Just last week, I put her in a shallow bowl to clean her tank and found it empty when it returned. Naturally, I freaked out and went looking all around the bowl. Turns out, she jumped out, fell onto the table, flopped around and fell onto the floor. I felt terrible! It was worse knowing that she was there for a good 5 minutes while I was cleaning.

I scooped her up though, even though I was convinced she was dead, and put her back in water. Miraculously, she survived with no bruises or broken bones. Well, I learned my lesson.

She's one hardy fish! Survivor of Dropsy and a nasty fall.


----------



## Bombalurina (Oct 10, 2011)

I'm in the ACT, but I used to live in NSW. I've been to Adelaide a couple of times - beautiful city! I confess I'm not a true Aussie, though - I'm British really. I'm a citizen now, though!

It's amazing how well bettas survive their jumping escapades. They can survive out of water much better than other fish due to their labyrinth organs allowing them to breathe some air rather than just taking it through the water. Incredible fish. I'm glad she was ok after her escapades - it sounds like she's really been through the wars!

Capitalise on that jumping instinct and teach her to jump through a hoop.


----------



## onefiveoneone (Nov 6, 2011)

Ooh! I was planning to live in Sydney once I was finished with school. It's funny how so many people just assume that living in Adelaide is the equivalent of living in the country.

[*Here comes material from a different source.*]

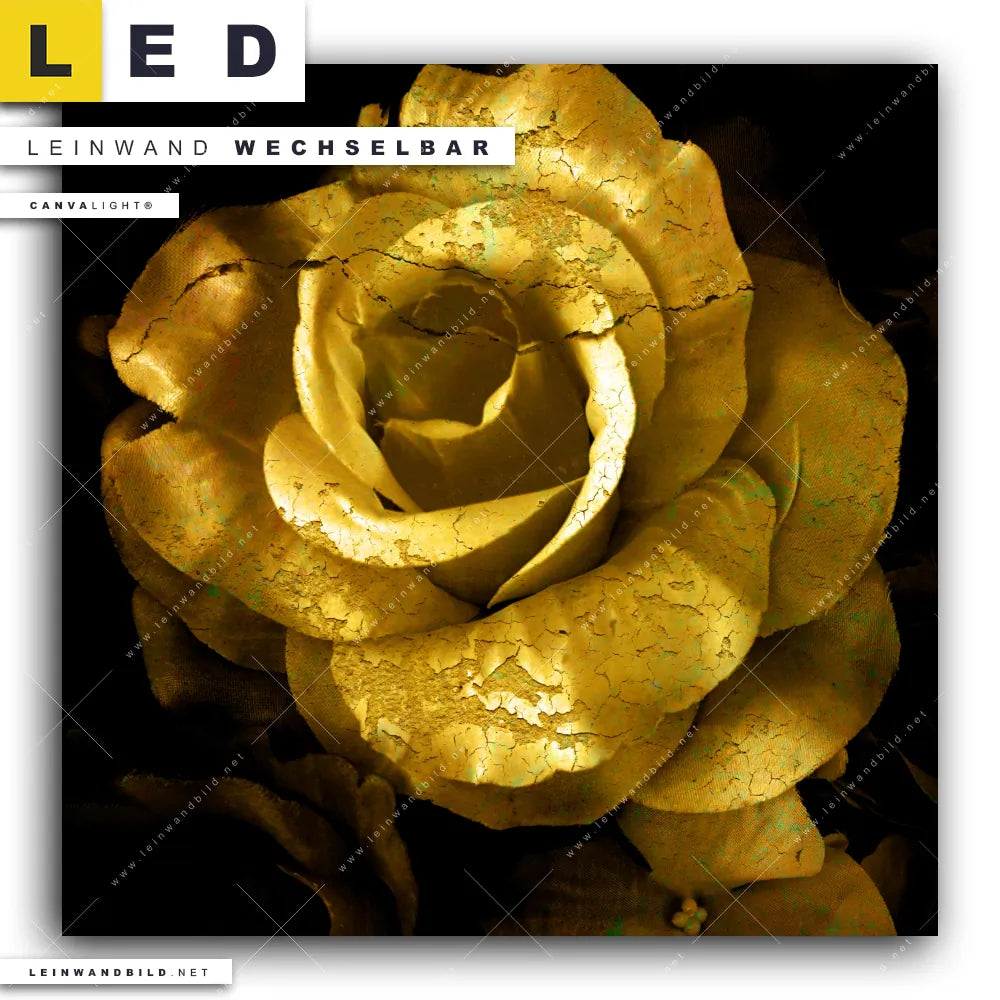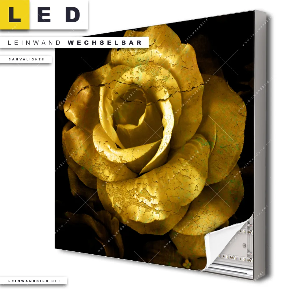 Dann sollte das LED Leinwandbild Canvalight® TEX | Goldene Rose | Quadrat den Weg zu Dir finden. Das stufenlos dimmbare Leinwandbild goldene Blüte im steckerfertigen Leuchtrahmen mit Fernbedienung und optionaler Farbtemperatursteuerung fügt sich als Eye-Catcher harmonisch in jedes Wohnzimmer - Schlafzimmer, Friseur - Beauty, Flur - Eingangsbereich, Büro - Kanzlei, Arzt - Praxis Raumkonzept ein.
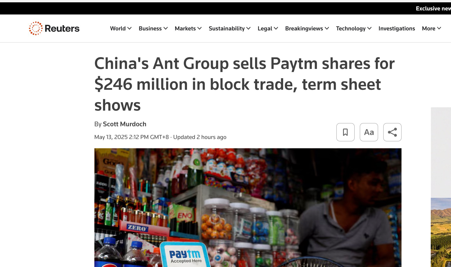 【環球網科技綜合報道 記者 李文瑤】5月13日消息,據路透社消息,螞蟻集團已出售印度 Paytm 公司股票。

Wow! I love the British accent, it's so sophisticated.

Oh, she stirs up so much trouble this one. She seems to be fine but the thing is, her fins look a bit clamped up. She extends them while she swims but it just seems odd. Also, before the fall, her spine was sort of bent in an L-shape but now it's straight. So I guess things worked out better than I had hoped.

Jumping through a hoop would be so cute! Have you trained any of your fish to do any tricks?


----------



## freeflow246 (Jul 24, 2011)

I've trained Jalen to jump for food, follow my finger, and swim into my hand for food. Just take baby steps, and they'll catch on in no time.
Sushi nipped at my finger and would swim into my hand the first day I got him, so I've got a feeling that he's going to be a pretty outgoing guy. 
Right now I'm trying to train Jalen to flare at this garish purple highlighter that I have. Mildly successful so far.


----------



## Gamma (Oct 25, 2011)

my betta can swim through a hoop, flare on command, jump for food and follow my finger. I taught him that in a month


----------



## Bombalurina (Oct 10, 2011)

Gamma, that VT in your avatar is gorgeous!


----------



## Gamma (Oct 25, 2011)

Bombalurina said:


> Gamma, that VT in your avatar is gorgeous!


Thank you! That's late The Baron. He was the smartest Betta I ever had. Like I said above he could do alot of tricks and I could get him to blow a bubble by making a popping sound..... I miss him so much.


----------



## onefiveoneone (Nov 6, 2011)

Wow! That's amazing. My baby Shinny likes to eat off my finger now! What did you use for the hoop? I've heard that people have used a pipe cleaner but I'm worried because of the metal wire.


----------



## Neelie (Feb 18, 2010)

ghost used to swim through a hoop too  so cute!!


----------